A tactic currently being employed by Trump is to claim that questions of fact
or science are actual political questions. For example, his surrogates have
said that NASA is "politicizing" climate science [1].

I'm concerned about this expansion of the boundaries of what are considered
political questions into things that aren't because it has a chilling effect:
Once something is deemed political, there are certain places where we can't
talk about it. But for my part, I think a world where a politician can prevent
us from having a (civil) discussion about e.g. climate change, or net
neutrality, or the implications of tax cuts for the rich, or whatever, on HN
merely by declaring it to be "political" is a pretty bad world. Not just
because I like talking to smart people about science and technology, but
because it prevents us from organizing to become a force for good.

The OP's point was, it seemed to me, about the facts of international law and
a critique of the media. It certainly was inflamatory (as was my response),
but if law and the media are off topic because they're political, well,
doesn't it follow that net neutrality, Google/Facebook's responses to fake
news, and so on, are also political? Do you want to cut off conversations
about those topics too?

Maybe there are certain topics you'd want to rule out from HN because they
inevitably lead to flamewars. Moreover maybe most or all of those topics are
things politicians also disagree about (and thus are "political"). But perhaps
the thing that you are against isn't "political" discussions per se, but
rather flamewars on touchy subjects. Or, something like that?

I am afraid that over the next four years, things we used to think of as
factual or scientific questions will be reframed as political questions, on
which everyone is entitled to their opinion, and which we can't discuss in
civilized places like HN. In fact I think we're already seeing this reframing.

Anyway, running an online community is hard, I don't pretend to know how to do
that. Good luck, and I'll try to follow the rules, whatever you all decide.
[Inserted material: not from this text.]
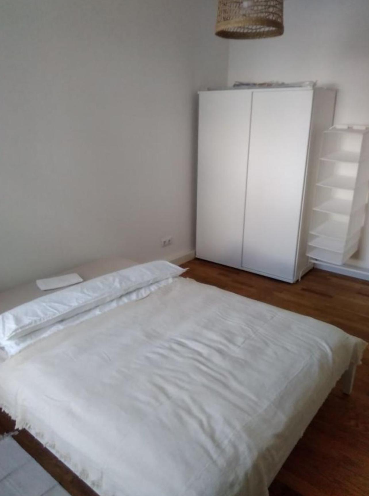 Schlafzimmer: großes Doppelbett , 2-teiliger Schrank, Vorhang

[1] [https://www.theguardian.com/environment/2016/nov/22/nasa-
ear...](https://www.theguardian.com/environment/2016/nov/22/nasa-earth-donald-
trump-eliminate-climate-change-research)

------
mikeryan
Unpresidented

------
bootload
History buffs will realise that situations like this can be done purposefully.
For example the _" Gulf of Tonkin"_ incident in August 2, '64\. [0] A wary
China inspects the device, hands it back and defuses the situation.

[0]
[https://en.wikipedia.org/wiki/Gulf_of_Tonkin_incident](https://en.wikipedia.org/wiki/Gulf_of_Tonkin_incident)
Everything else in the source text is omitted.